Authors Tara Krueger and Gail Murray of Nelson/Nygaard Consulting find that campuses are employing a variety of new technical strategies to better inform riders, such as automated bus stop announcements, electronic schedules and automatic vehicle location systems (AVLs), which use GPS technology to track bus locations. This information can help improve bus timeliness and scheduling along bus routes. It can also be accessed by riders, providing real-time information about the location of buses to reduce wait times.
Ride-matching, preferential carpool and vanpool parking, guaranteed ride home programs, flex hours and telecommuting programs for employees, universal (free) parking passes, and bicycle infrastructure and support programs are among the other green strategies surveyed in the report.
The authors also analyze trends in generating revenues for the operational and capital costs associated with commuting alternatives, including collaborative funding among diverse campus and community stakeholders, parking policies and pricing, and employment of student drivers. Employing students seems to be a key strategy at many of the schools for managing transportation costs and addressing the challenge of seasonality in many campuses’ demand for transportation services.

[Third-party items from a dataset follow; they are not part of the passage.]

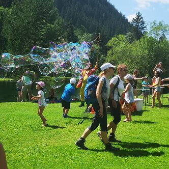 From 15.00 - 17.00 in the Waldhäuslalm with music, games, face painting, colouring, handicrafts, clown Lupino and much more.
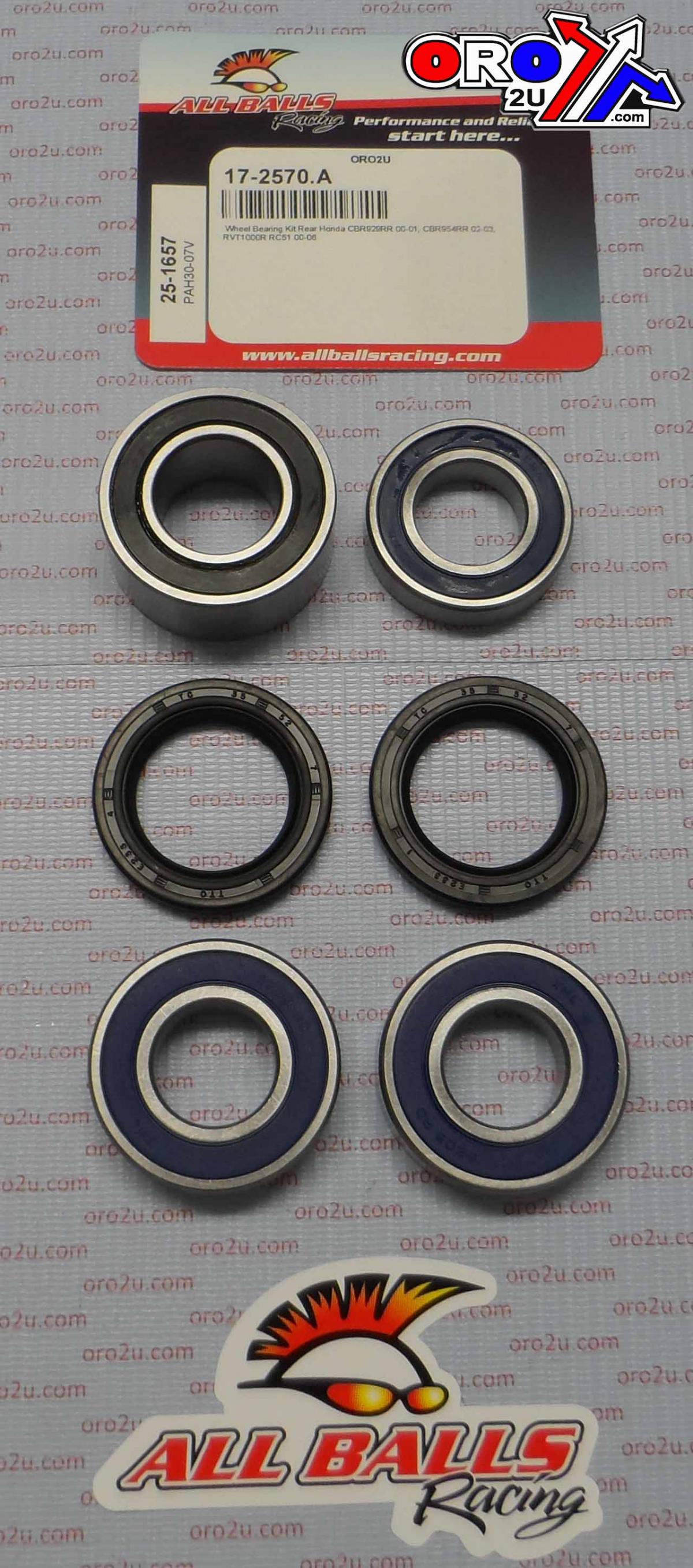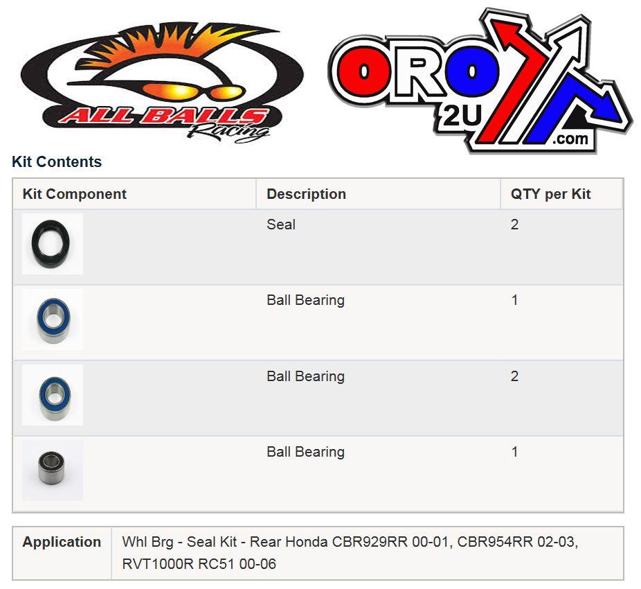 All Balls Racing Wheel Bearing Kit Rear 00-06 Hon CBR929/954/rvt1000 RC51, Allballs 25-1657 Road
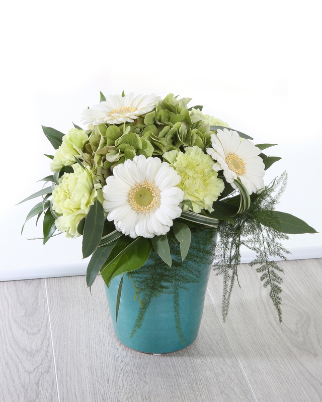 Irene contains artfully arranged Hydrangea, Carnations, Germini, Fern, Populus and China Grass to create this delicate arrangement.

Given that for many colleges and universities, transportation services are among the biggest sources of tension with the community, the report findings are good news. The authors note, however, that many of the leading respondents do not yet incorporate transportation into plans for new buildings and that the small sample size does not necessarily reflect a broad trend in alternatives to driving alone on U.S. campuses. Other surveys, such as Campus Environment 2008, which surveyed more than 1,000 colleges and universities, have noted that transportation efforts are lagging behind most other greening efforts in higher education. Moreover, only three community colleges–which are often among the largest colleges in the country with the greatest transportation challenges–responded to the survey, suggesting that schools have a long way to go in fully realizing campus’ potential to model transportation for the 21st century.